***** Recorded information *****
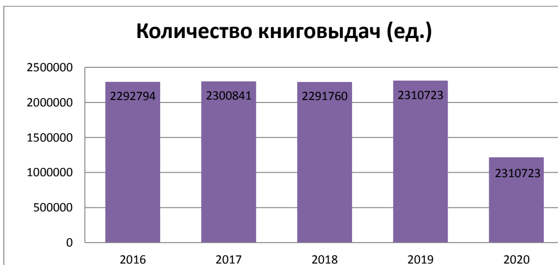
Рис. 3. Динамика количества книговыдач читателям в возрасте до 14 лет.

Книговыдача детской литературы в библиотеках области в 2020 г. составила – 1217375, в 2019 г. составила – 2310723, меньше на 1093348.
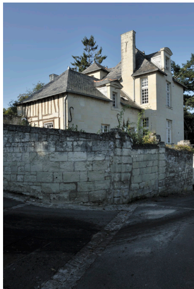
Vue générale. IVR52_20114902638NUCA
*****
**Exercise description:** Write the material out again exactly. Do not include the pictures.

**Written answer:**
Рис. 3. Динамика количества книговыдач читателям в возрасте до 14 лет.

Книговыдача детской литературы в библиотеках области в 2020 г. составила – 1217375, в 2019 г. составила – 2310723, меньше на 1093348.
Vue générale. IVR52_20114902638NUCA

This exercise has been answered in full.